Accordingly, the court scheduled a plea hearing for two days later. Neither party, nor the court, addressed the State’s pending motion for leave to file a second amended Information at this status conference.
¶10 At the outset of the plea hearing, the circuit court stated that it had “been provided a Plea Questionnaire and Waiver of Rights form.” The plea questionnaire form, which Ackell prepared, listed the following charges as those to which Hollenquest would plead no contest:
• “Count 1: Injury by intoxicated use of vehicle”
• “Count 3: Injury by intoxicated use of vehicle”
• “Count 5: OWI Cause Injury (2nd and subsequent)”
Ackell and Hollenquest both signed the second page of the form, dated October 19, 2016.
¶11 There were two sets of jury instructions attached to the plea questionnaire. The first, Wis JI—Criminal 1262 (2014), was titled “Injury (Great Bodily Harm) By Operation Of A Vehicle While Under The Influence [Wis. Stat. §] 940.25(1)(a).” The second, Wis JI—Criminal 2665 (2014), was titled “Operating A Vehicle While Under The Influence Of An Intoxicant And Causing Injury [Wis. Stat. §] 346.63(2)(a)1.” Additionally, a copy of the State’s August 18 written plea offer (which, as indicated, was based upon the first amended Information) was also attached to the questionnaire form.
¶12 The parties proceeded to address the State’s pending motion for leave to file the second amended Information:
[Prosecutor]: I just want to make sure, because I can't remember with the transition after [Hollenquest’s previous counsel] withdrew—I had filed a Second Amended Information on August 31, and I don't think the Court necessarily granted the motion to take leave to file it. I think because of [counsel] withdrawing, I don't think the Court accepted that at that point, but that’s what the plea would be on today.
THE COURT: Mr. Ackell, you have a copy of the Second Amended Information?

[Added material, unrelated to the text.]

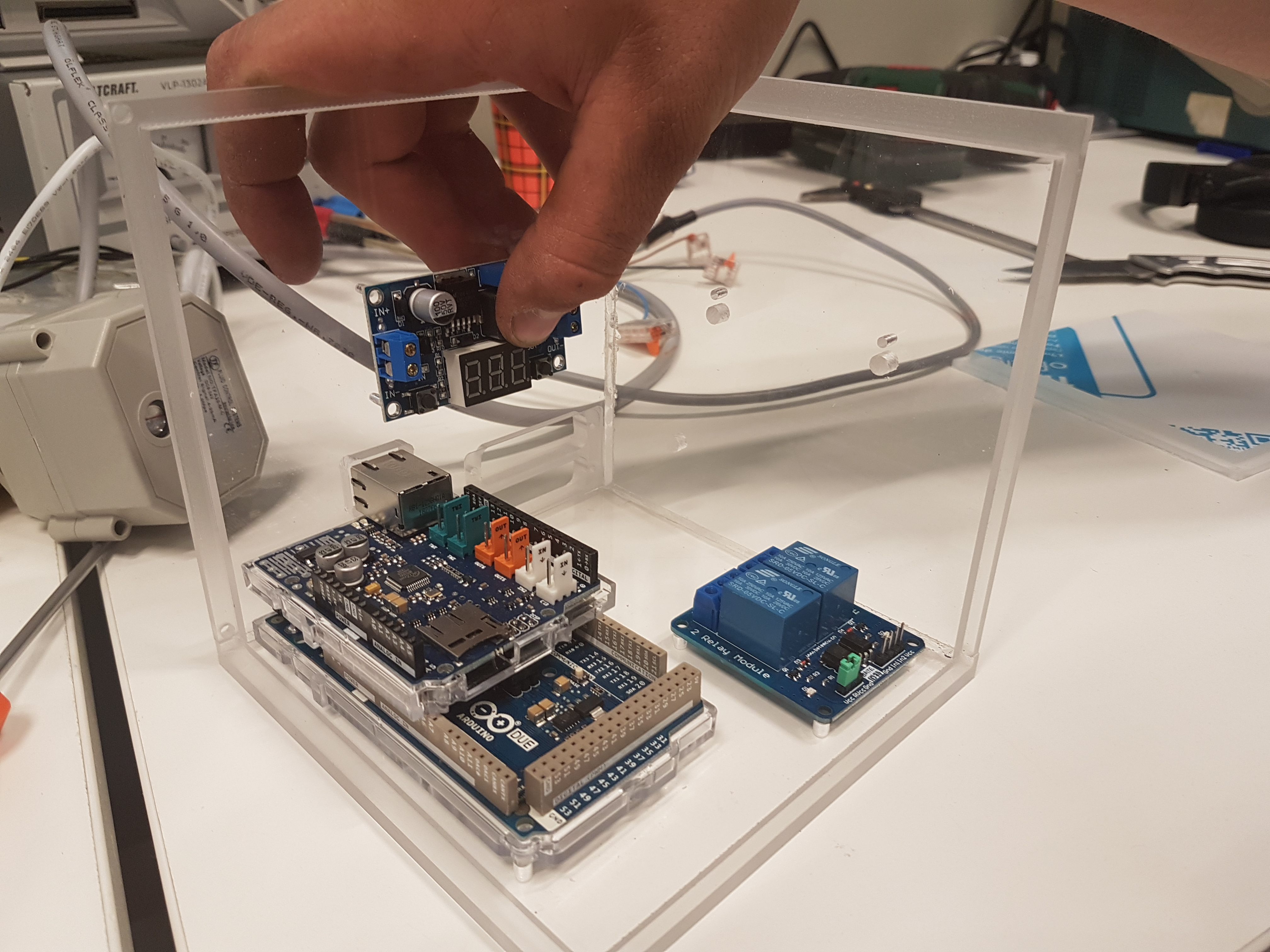 Er is gewerkt met 3 industriële sensoren ivm de betrouwbaarheid en dus veiligheid. Daarnaast zijn tal van low budgetsensoren en Arduino’s gebruikt om extra data te verzamelen. AR schil wordt komend schooljaar aangebracht door Avans.

MR. ACKELL: I do, Your Honor, and it does have two changes to it, and it’s changes that are actually reflected as well in the plea questionnaire which I've handed to the Court, therefore we waive a formal reading and my client enters pleas as indicated on the questionnaire.
THE COURT: All right. Very good.[4]
¶13 The circuit court then engaged Hollenquest in a plea colloquy. The court ultimately accepted Hollenquest’s pleas in the following exchange:
THE COURT: Mr. Hollenquest, I'm just going to run through each of these counts. First of all as to Count 1, the Injury by Intoxicated Use of a Vehicle, what is your plea?
THE DEFENDANT: No contest.
THE COURT: As to Count 3, Injury By Intoxicated Use of a Vehicle, what is your plea?
THE DEFENDANT: No contest.
THE COURT: And as to Count 5, Operating While Intoxicated Causing Injury, Second Offense, what is your plea?
THE DEFENDANT: No contest.
¶14 After sentencing, Hollenquest filed a Bangert 5 motion seeking to withdraw his pleas. In support, he asserted that refusing to allow him to withdraw his pleas would constitute a manifest injustice because he “did not know that he was entering his plea in count three to a Class F Felony; rather he believed he was entering his plea to operating while intoxicated, causing simple injury, a Class H Felony.”6
¶15 At an evidentiary hearing on Hollenquest’s motion, Ackell testified that he “learned of the existence of the second Amended Information when I spoke to [the prosecutor] the first [time] ․ So it would have been sometime soon after September 1st, sometime between September 1st and the end of September.” He stated that he “would have had to have been using” the second amended Information when he prepared the plea questionnaire form. He explained that the plea questionnaire form used identical language to describe Counts 1 and 3, and those counts were identical in the second, but not the first, amended Information.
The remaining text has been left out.